High schoolers with enuresis already shoulder plenty of shame and blame, from a society that doesn’t understand their condition. These kids have been told, often by doctors, to eat healthier foods, avoid fluids before bed, avoid soda, and get more sleep — measures that do nothing to resolve bedwetting but do plenty to make teenagers feel like bedwetting is their fault.



Even before the TikTok challenge, students at all grade levels faced restroom restrictions, an issue I’ve written about here and here.


At some high schools, students who need to use the restroom during class must scan a QR code upon exiting and re-entering the classroom, so their exact time out of class can be recorded. This kind of policy is a disaster for my patients, for whom relaxing on the toilet and fully voiding is enough of a challenge, without the added surveillance of a QR code.


Many high school students only get three bathroom passes per semester per class, and some earn extra credit for returning unused passes at the end of the semester. Yes, students are rewarded for NOT listening to their bodies!


Whoever dreamed up that idea needs to spend a day at a pediatric urology clinic.



A University of California study found 81% of elementary teachers reported allowing unlimited access to water intake in class, yet 88% encouraged students requesting bathroom access to hold their pee. Some 36% of the teachers surveyed offered rewards, like trinkets and pizza parties, to students who didn’t use bathroom passes or punished those who did.


All that is bad. But locking restrooms is worse.


The Arizona mom in our support group reports that her son, a 9th grader, is particularly frustrated because he’s nearing the end of a lengthy treatment process that has gone well.


This kid's backstory is the same one I hear daily: For years, the boy wet the bed every night, but his pediatrician dismissed his mom’s concerns. Eventually, a GI doctor ordered an x-ray and pegged constipation as the cause of the boy’s bedwetting, but the doctor felt a daily enema program was “too aggressive.” It wasn’t until middle school, after lesser measures had failed, that the boy began M.O.P.


“My son was on board,” his mom says.


Gradually, as his rectum shrunk back to normal size and stopped bothering his bladder, his accidents diminished. In the last month, he has only wet the bed once a month.
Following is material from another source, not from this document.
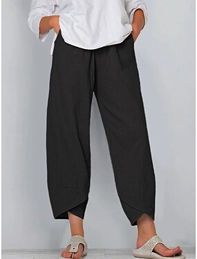 Naisten Cotton Blend Keinopuuvillainen pellava Kiinalainen Kesähousut Vapaa-aika Nilkkapituinen Luonnollinen Yhtenäinen Joustamaton Sininen Masentavan vihreä Musta Valkoinen Kesä Syksy Loose Fit

He’s in the home stretch of treatment and will soon begin weaning off his regimen.


“My son has worked so hard for so long to get where he’s at,” says his mom. “He’s so close to the end. And now this.”


Trashing school bathrooms is nothing new, of course. At my own middle school, students would purposely clog the toilets and hurl wet paper towels into the stalls to torment the kids who were in there. If you tried to poop, kids would bang on the doors or try to open them.
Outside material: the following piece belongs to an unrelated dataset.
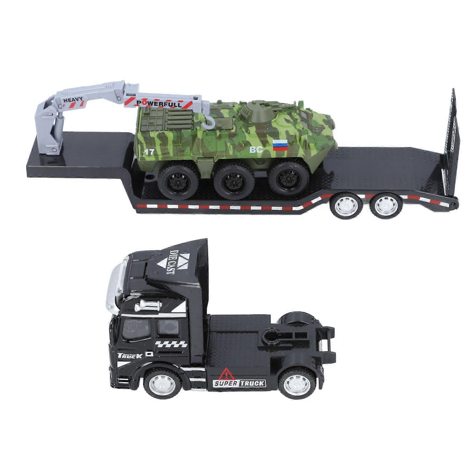 Flatbed Trailer Toy Simulation Detachable Collectible Military Flatbed Truck Model with Armored Car for Boys Green

I was terrified of setting foot in our school restrooms, and that fear contributed to the constipation I suffered as a kid.


But holy moly — social media seems to have taken restroom destruction to a level I could never have imagined.


I feel for my patients and for the beleaguered administrators, custodians, and teachers, too.


Another mom in our private Facebook support group has experienced the issue from all angles. She has a child on M.O.P., and she teaches at a middle school where students stole all the restroom soap dispensers, pulled a sink off the wall and smashed it, and stomped on plastic bags they had just peed in.


The school’s bathrooms are now locked except for during scheduled times.


She posted: “As much as my child needs to be able to use the restroom, I can't see any other options. As it is, we have two sets of bathrooms that are completely closed due to vandalism. If this continued, there wouldn't be any bathrooms left to use.”


I have no idea what will put a stop to this insanity. I suppose kids will get bored with bathroom vandalism and move onto the next thing. But I was dismayed to read about a TikTok video one student posted in response to a frustrated administrator.


The kid urged fellow students to avoid getting caught. “But keep doing it, cause it’s even funnier now.”


If that kid had to spend a day in my patients’ shoes, he wouldn’t think it was so hilarious.